Si toute production repose en partie sur les épaules des interprètes, il en est où cet axiome se vérifie avec une acuité particulière. Tel est le cas de la relecture dansée de Cosi fan tutte par Anna Teresa De Keersmaker, dont l’exigence particulière n’avait pas été sans rencontrer des résistances lors des représentations à Garnier. Mais le « coup » de Stéphane Lissner à l’Opéra de Paris ne prend pas le même sens sur une scène de sa Belgique flamande natale, où la contribution de sa compagnie Rosas résonne avec une évidence que l’on retrouve dans l’implication du plateau vocal réuni – et que le report imposé par la pandémie n’a pas altéré.
Au-delà du regard des chorégraphes de plus en plus sollicité pour renouveler l’approche du répertoire lyrique, la grande qualité du spectacle réside dans sa résistance à la tentation de trahir l’abstraction combinatoire de l’opéra de Mozart – et du livret de Da Ponte – par des transpositions plus ou moins réalistes. La scénographie et les éclairages décantés de Jan Versweyveld, avec des figures géométriques tracés sur le sol blanc comme un reflet de la mathématique des sentiments développée dans l’ouvrage, renouvelle le goût du Siècle des Lumières – et pas seulement – pour les traités des passions. Doublant ponctuellement les soli des chanteurs, le geste chorégraphique, assumé également parfois par la distribution vocale, s’inscrit dans l’économie, voire l’austérité, du langage d’Anna Teresa De Keersmaker, qui, s’il n’évite pas certains tropismes, vaut plus pour l’intensité quintessenciée de l’expression des solistes et des affects, que pour le strict miroir dansé, évitant le risque d’une redondance visuelle trop marquée.
Un Cosi quintessencié
Ces qualités s’entendent dans l’incarnation des deux sœurs, contrastées, mais surtout complémentaires. Katharina Persicke fait vibrer la sensibilité tourmentée de Fiordiligi, dans une théâtralité contenue, que la Dorabella, homogène mais non monochrome, d’Anna Pennisi explicite davantage, au diapason des attendus du rôle. Côté messieurs, le Gugliemo aguerri et hâbleur comme il faut d’Edwin Crossley-Mercer, qui a le rôle à son répertoire depuis plus d’une décennie, répond au premier Ferrando de Reinoud Van Mechelen, lequel fait affleurer les doutes et la vulnérabilité de l’amant déçu, complétant le chassé-croisé des idiosyncrasies du quatuor amoureux. Hanne Roos ne manque pas de piquant et d’espièglerie en Despina. Damien Pass impose un Don Alfonso robuste, d’une santé et d’une richesse de couleurs en rupture avec certaine tradition de timbres émérites pour le vieux philosophe, et parachève une distribution placée sous le signe de la jeunesse.

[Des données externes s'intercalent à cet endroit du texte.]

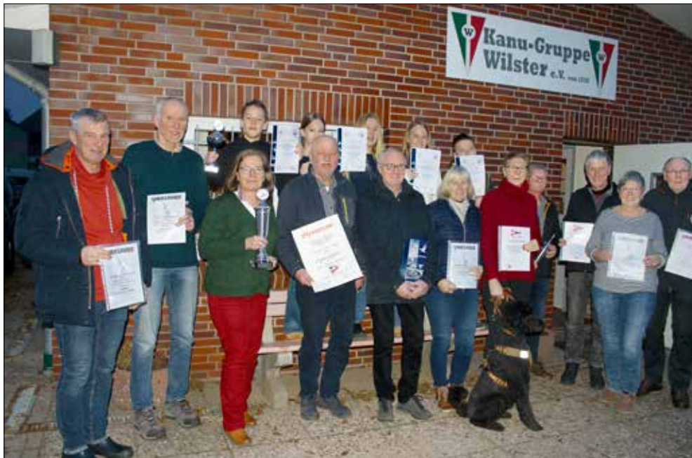
Die geehrten Vereinsmitglieder auf der JHV

Si l’on ne s’attardera pas sur les interventions calibrées du chœur, préparées efficacement par Michiel Haspeslagh, on saluera la direction alerte de Pedro Beriso, assistant et remplaçant pour la première gantoise d’une des discrètes légendes de la baguette, Trevor Pinnock – qui a habité nombre de rayons baroques des discothèques des mélomanes. La dynamique des couleurs et des intonations affirme une souplesse inventive au service des richesses d’une partition dont elle restitue les demi-teintes sous-jacentes sans jamais se départir de l’inimitable fraîcheur chatoyante de Mozart. La quintessence de Cosi !
Par Gilles Charlassier
Cosi fan tutte, Mozart, Opéra des Flandres, Anvers et Gand, février 2022.